Recently in the "machine learning Combat" This book, because I really want to learn more about machine learning algorithms, and want to learn python, in the recommendation of a friend chose this book to learn, before writing this article to FCM have a certain understanding, so the K mean algorithm has a nameless intimacy, Today, I'm working with you to learn K-means clustering algorithm.

An overview of K-means clustering (K-means)

1. Clustering

A "class" refers to a collection that has similarities. Clustering refers to dividing the data set into classes so that the data within the class is the most similar and the data similarity between the categories is as large as possible. Cluster analysis is based on the similarity, the data set of clustering classification, belongs to unsupervised learning.

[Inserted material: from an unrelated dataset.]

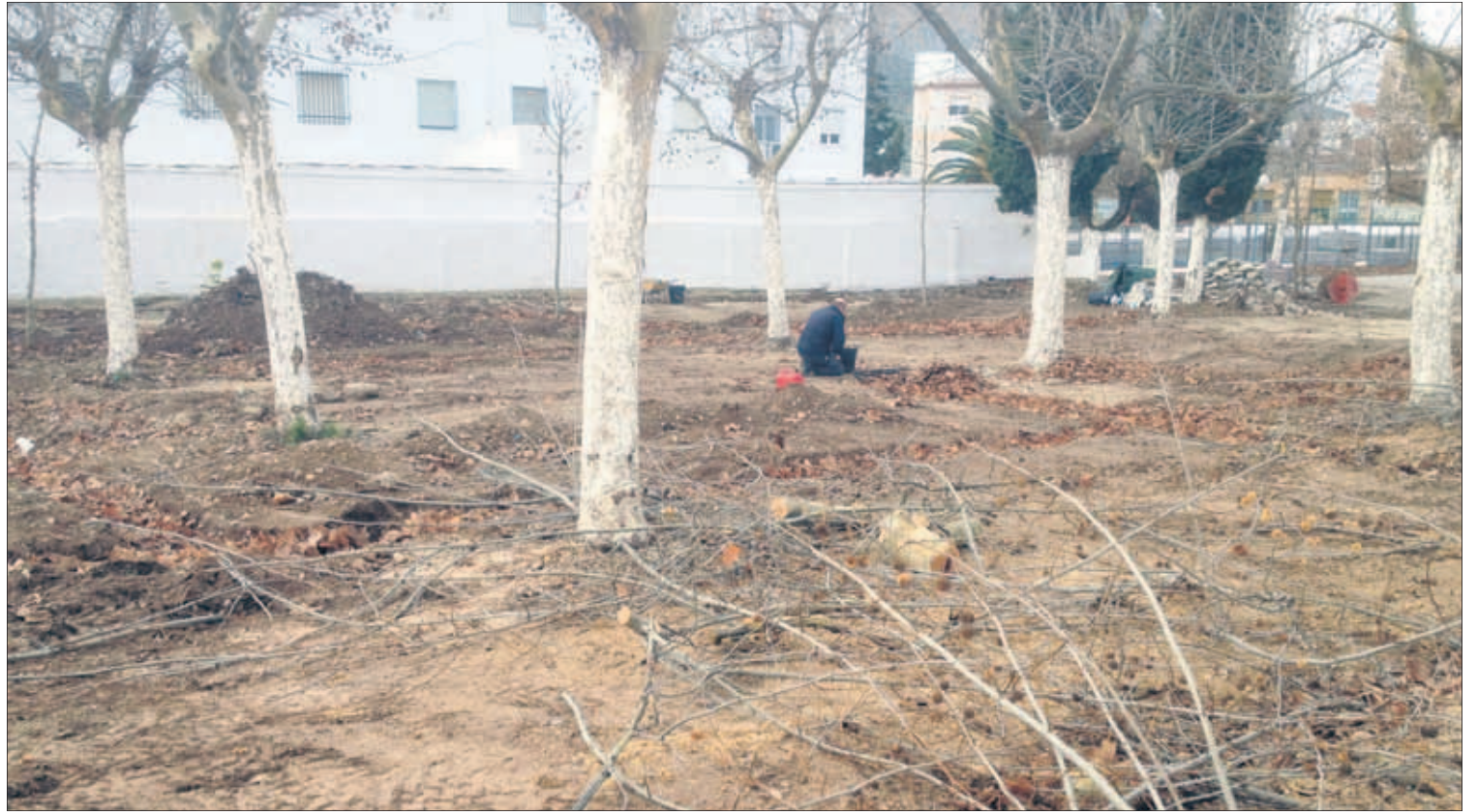
El PFEA permite crear empleo y mejorar instalaciones e infraestructuras públicas de Jamilena.

En Jamilena se están acometiendo actualmente con cargo a este programa de fomento de empleo agrario-PFEA cinco importantes intervenciones. La primera obra consiste en el acondicionamiento del recinto de la Piscina Municipal, una acción urgente, que tiene que estar concluida antes del principio de la temporada de baño y que consiste en una serie de mejoras dentro de las instalaciones públicas. Asimismo, se acometerán mejoras en la Avenida de Andalucía, consistentes en el

2. Unsupervised learning and supervised learning

The KNN was verified in the previous article, different from KNN, K-means clustering belongs to unsupervised learning. So what is the difference between supervised learning and unsupervised learning? Supervised learning knows what to learn from the object (data), while unsupervised learning does not need to know the target to be searched, it is a common feature of data based on the algorithm. For example, classification and clustering, classification in advance to know the categories to be obtained, and clustering is not the same, but based on the similarity, the object is divided into different clusters.

3. K-means

K-means algorithm is a simple iterative clustering algorithm, using distance as the similarity index, from the K classes in a given dataset are found, and the center of each class is based on the mean value of all the values in the class, each of which is described by a cluster center. for a given data set containing n d data points x and the category K to be divided, the Euclidean distance is chosen as the similarity index, and the clustering goal is to minimize the sum of the squares of the clusters:

Combining the least squares and Lagrange principles, the Clustering center is the average of the data points in the corresponding category, and in order to make the algorithm converge, the final clustering center should be kept as constant as possible in the iterative process.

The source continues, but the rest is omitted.